Back in court, Little Jacob Ray tearfully testifies about the way he felt when he heard Kendall Stevens's commentary. Ling goes up to cross-examine, calling Jacob "honey" and warming him up with some sweet talk. Then she talks about the implausibility of eight reindeer hauling a guy around the world in one night. She wonders how the boy could believe that, since he can read and he's been on a plane. "Are you retarded, Jacob?" she asks. At this point I feel compelled to mention that I have a son named Jacob who is also eight years old. What a coincidence. Ling finally gets little Jacob Ray (Ray is my husband's middle name. We often jokingly call our son Jacob Ray.) to admit that the idea of Santa Claus is stupid. John smirks.

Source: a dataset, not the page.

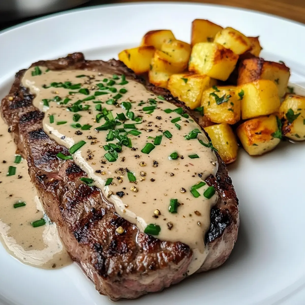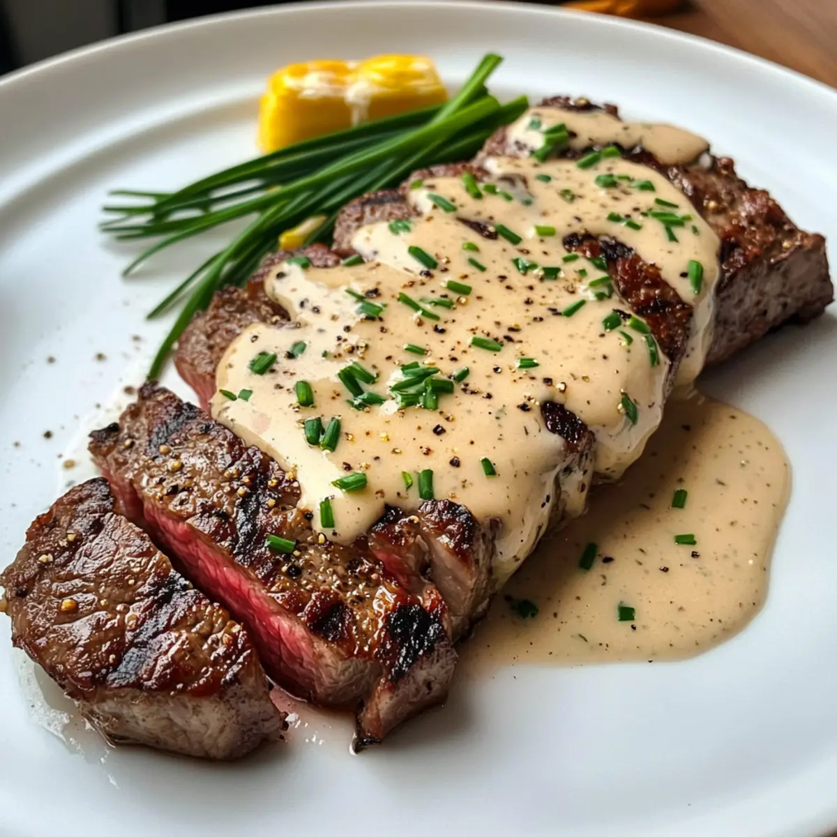 Einen köstlichen Hauch von Luxus in Ihrer Küche? Wenn ich an ein Gericht denke, das sowohl Gaumenfreude als auch die Eleganz eines Restaurants verkörpert, ist es Steak mit Knoblauch-Kräuter-Cremesauce. Diese Kombination aus saftigem Ribeye und einer cremigen, aromatischen Sauce entführt mich in eine Welt voller Genuss. Das Beste daran? Die Zubereitung ist schnell und einfach, sodass Sie mit minimalem Aufwand ein beeindruckendes Abendessen zaubern können, das Ihre Gäste in Staunen versetzt – perfekt für ein feines Dinner oder ein entspanntes Wochenendessen. Neugierig, wie Sie dieses kulinarische Meisterwerk selbst kreieren können? Lassen Sie uns gleich loslegen! Warum ist dieses Steak unwiderstehlich? Genuss pur: Der saftige Ribeye steckt voller Geschmack und macht jede Biss zu einem Erlebnis. Einfachheit: Mit wenigen Grundzutaten zaubern Sie ein Gericht, das aussieht und schmeckt wie im besten Restaurant. Aromatische Kombination: Die Kombination aus Knoblauch, frischen Kräutern und cremiger Sauce bringt Ihre Geschmacksknospen zum Tanzen. Flexibilität: Variieren Sie die Kräuter oder fügen Sie dezent pikante Pilze hinzu, um Ihr eigenes Meisterwerk zu kreieren. Beeindruckende Beilagen: Servieren Sie es mit knusprigen Röstkartoffeln oder buttrigen Kartoffelbrei, um das Erlebnis abzurunden! Steak mit Knoblauch-Kräuter-Cremesauce: Zutaten Für das Steak • Ribeye-Steaks – Achten Sie auf hochwertige Schnitte für den bestmöglichen Geschmack und die Zartheit. • Salz & schwarzer Pfeffer – Diese Grundgewürze heben den natürlichen Geschmack des Steaks hervor. • Rinderfett (2-3 EL) – Fügt Geschmack hinzu und sorgt für eine perfekte Kruste; kann durch Olivenöl oder Butter ersetzt werden. Für die Sauce • Butter (1 EL + 2 EL) – Wird sowohl zum Anbraten als auch zur Verfeinerung der Sauce verwendet. • Knoblauchzehen (2) – Bringt Tiefe und Aroma in Ihre Knoblauch-Kräuter-Cremesauce ein. • Hühnerbrühe (½ Tasse) – Sorgt für die reichhaltige Basis; eine halbe Hühnerbouillon kann verwendet werden, wenn keine frische Brühe vorhanden ist. • Schlagsahne (½ Tasse) – Gibt der Sauce eine samtige Textur; für eine leichtere Variante kann auch halb-halb verwendet werden. • Schwarzer Pfeffer (¼ TL) – Verleiht der Sauce eine subtile Schärfe. • Frische Schnittlauch (3 EL) – Verleiht Frische und Farbe; sie machen das Gericht lebendig. • Zitronensaft (¼) – Schafft ein ausgewogenes Aroma und unterstützt die cremige Textur. Mit diesen köstlichen Zutaten können Sie das unwiderstehliche Steak mit Knoblauch-Kräuter-Cremesauce zubereiten, das sicher jeden Gaumen erfreuen wird! Schritt-für-Schritt-Anleitung für Steak mit Knoblauch-Kräuter-Cremesauce Step 1: Steak vorbereiten Das Ribeye-Steak sollte gründlich mit Küchenpapier abgetrocknet werden, um eine perfekte Kruste zu erzielen. Generös mit Salz und schwarzem Pfeffer würzen und es für 15-20 Minuten bei Raumtemperatur ruhen lassen. Dies sorgt dafür, dass das Steak gleichmäßig gart und der Geschmack perfekt zur Geltung kommt. Step 2: Zutaten für die Sauce vorbereiten Während das Steak ruht, bereiten Sie die Zutaten für die Knoblauch-Kräuter-Cremesauce vor. Den Knoblauch fein hacken und die Schnittlauch im Wechsel in kleine Stücke schneiden. Messen Sie die Butter, Hühnerbrühe und Sahne ab, und legen Sie einen frischen Zweig Rosmarin bereit. So sind Sie bereit, gleich loszulegen. Step 3: Steak anbraten Erhitzen Sie eine schwere Pfanne oder Gusspfanne bei mittlerer bis hoher Temperatur. Geben Sie 2-3 Esslöffel Rinderfett in die Pfanne, bis es schmilzt und leicht zu sprudeln beginnt. Beginnen Sie, die Fettschicht des Steaks für 30-60 Sekunden zu braten, bevor Sie die gewürzte Seite für 1,5 Minuten nach unten legen. Geben Sie dem Steak die Zeit, eine goldbraune Kruste zu entwickeln. Step 4: Steak wenden und aromatisieren Nach 1,5 Minuten wenden Sie das Steak vorsichtig, um die andere Seite anzubraten. Braten Sie es wiederum für etwa 1,5 Minuten und legen Sie den vorbereiteten Rosmarinzweig in die Pfanne. Dies verleiht dem Steak ein herrliches Aroma, während es auf den Punkt gegart wird. Ein idealer Garzeitpunkt ist, wenn das Steak mittlere Garstufe (medium rare) erreicht. Step 5: Steak ruhen lassen Entfernen Sie das Steak aus der Pfanne und lassen Sie es auf einem Schneidebrett für ein paar Minuten ruhen. Dies ermöglicht es dem Saft, sich im Fleisch zu verteilen und es saftig zu halten. Währenddessen sollten Sie das überschüssige Fett aus der Pfanne abgießen, um Platz für die Sauce zu schaffen. Step 6: Knoblauch und Butter anbraten In derselben Pfanne, in der das Steak gebraten wurde, geben Sie 2 Esslöffel Butter und den gehackten Knoblauch hinzu. Bei mittlerer Hitze 30-60 Sekunden sautieren, bis der Knoblauch duftet und leicht goldbraun ist. Achten Sie darauf, dass er nicht verbrennt, da das den Geschmack bitter machen kann. Step 7: Sauce zubereiten Sobald der Knoblauch aromatisch ist, ½ Tasse Hühnerbrühe und ½ Tasse Schlagsahne unterrühren. Lassen Sie die Mischung bei niedriger Hitze 2-4 Minuten leicht köcheln, bis sie leicht eindickt und sich die Aromen verbinden. Rühren Sie regelmäßig um, um ein Anbrennen zu verhindern und die perfekte Konsistenz zu erreichen. Step 8: Sauce verfeinern Fügen Sie ¼ Tasse Zitronensaft und 3 Esslöffel frischen Schnittlauch zur Sauce hinzu. Rühren Sie kalte Butter unter, bis sie vollständig schmilzt und die Sauce eine samtige Emulsion bildet. Dies gibt der Sauce ein schönes Finish und verstärkt den Geschmack. Step 9: Steak schneiden und anrichten Das Steak gegen die Faser in gleichmäßige Scheiben schneiden, sodass es zart auf dem Teller serviert werden kann. Geben Sie die reichhaltige Knoblauch-Kräuter-Cremesauce großzügig über die Steakscheiben und garnieren Sie sie mit zusätzlichem Schnittlauch. Servieren Sie das Gericht sofort und genießen Sie Ihren kulinarischen Erfolg! Was passt zu Steak mit Knoblauch-Kräuter-Cr

In his office, Larry wears a blinking red ball on his nose and apologizes to Ally for being a wet blanket. He clicks a remote and the nose turns blue. Ally hauls him off to see Elaine's performance.
Elaine giver her heart-rending rendition of "Tomorrow" while her co-workers look uncomfortable. Mark's the only one smiling. Kimmy and her mom are singing along, though. Then everyone in the bar sings along except the Fish & Cagers. These people are supposed to be Elaine's friends, aren't they? Larry does the final harmonizing note jokingly.

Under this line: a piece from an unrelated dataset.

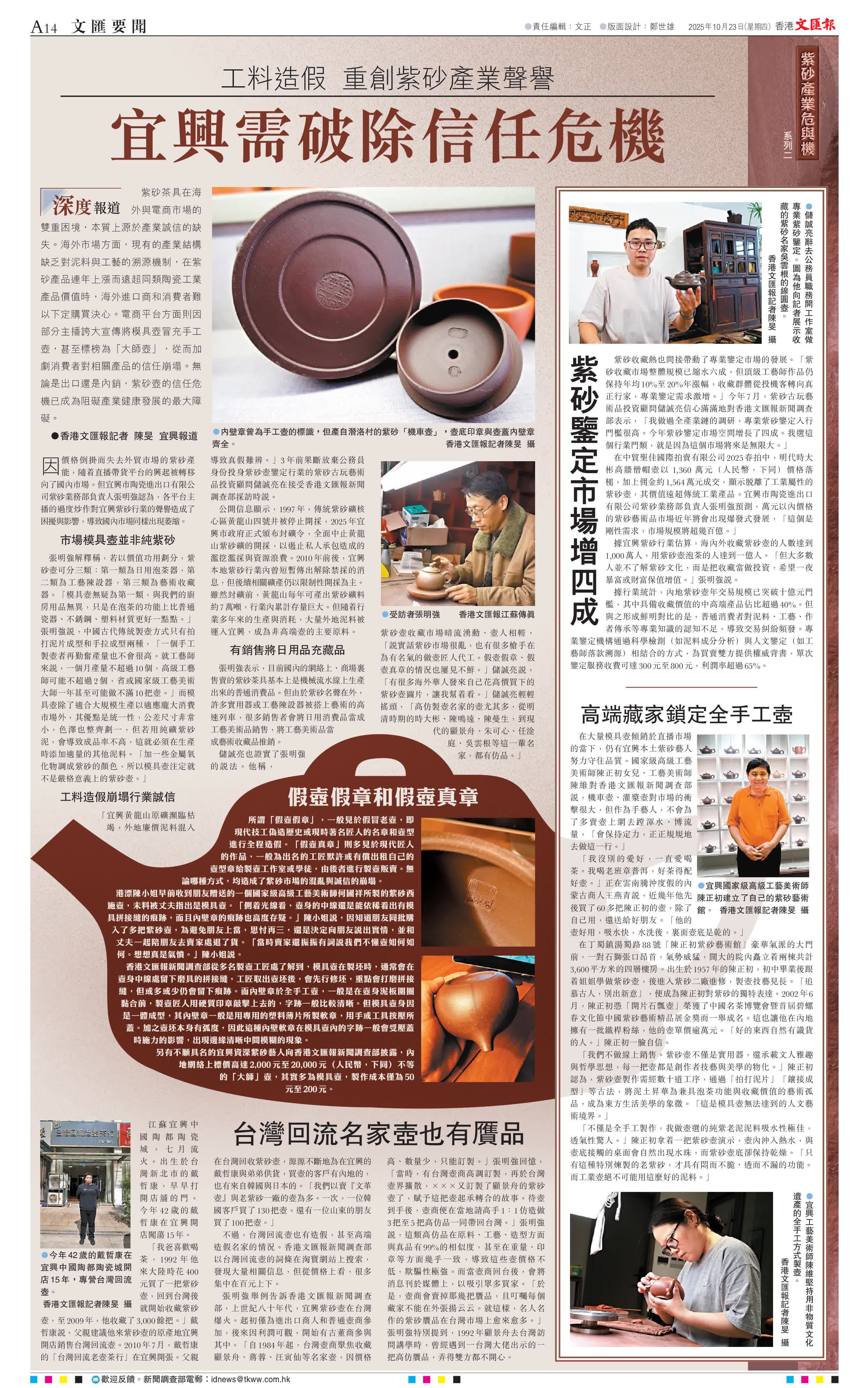 紫砂收藏熱也間接帶動了專業鑒定市場的發展。「紫砂收藏市場整體規模已縮水六成,但頂級工藝師作品仍保持年均10%至20%年漲幅,收藏群體從投機客轉向真正行家,專業鑒定需求激增。」今年7月,紫砂古玩藝術品投資顧問儲誠亮信心滿滿地對香港文匯報新聞調查部表示,「我做過全產業鏈的調研,專業紫砂鑒定入行門檻很高。今年紫砂鑒定市場空間增長了四成。我選這個行業門類,就是因為這個市場將來是無限大。」

The pantyhose commercial that I hate comes on. It's the one about a woman meeting her husband's new female colleague at an office party. Subtitles show us that the woman is insecure because the colleague is "a waif." Then we're shown the product being advertised, which is control-top pantyhose. The voice-over says, "We know how it is." This commercial is the perfect complement to Ally McBeal because its message is confusing and offensive at the same time. Are they telling us that the colleague looks thin because she wears control-top hose? Or are we supposed to believe that we can keep our husbands from having affairs by wearing the hose, ourselves? All I know for sure is that the woman in the commercial is insecure about weight issues, and that we're being asked to buy a product that makes us uncomfortable but slim-looking. I think they should have just shown the wife punching the colleague with lots of silly CGI effects. Then the husband could say, "She's the most amazing woman on earth!" to the camera, and we'd all feel just as good about ourselves. And I still wouldn't buy the pantyhose, either.
At the courthouse, Larry runs into Kimmy. She's there to see her John's closing. Larry has some time, so he goes along. Okay, this is it. This is the most contrived scene. John starts out saying that Kendall Stevens wasn't traumatizing children -- he was trying to protect them from trauma. Then John segues into something smarmy about adults needing Santa more than children do. Then that turns into a piece of tripe about Stevens safeguarding the "sacred union" between parent and child. Larry looks like a sad robot, presumably because he hasn't had any kind of union with his son for the past four years. The defense attorney states that WKGB has the right to terminate Stevens for violating viewers' trust and employers' wishes. Get it? They're called WKGB because they're restricting Stevens's right to tell the truth. So they're commie pinkoes. Did you get it?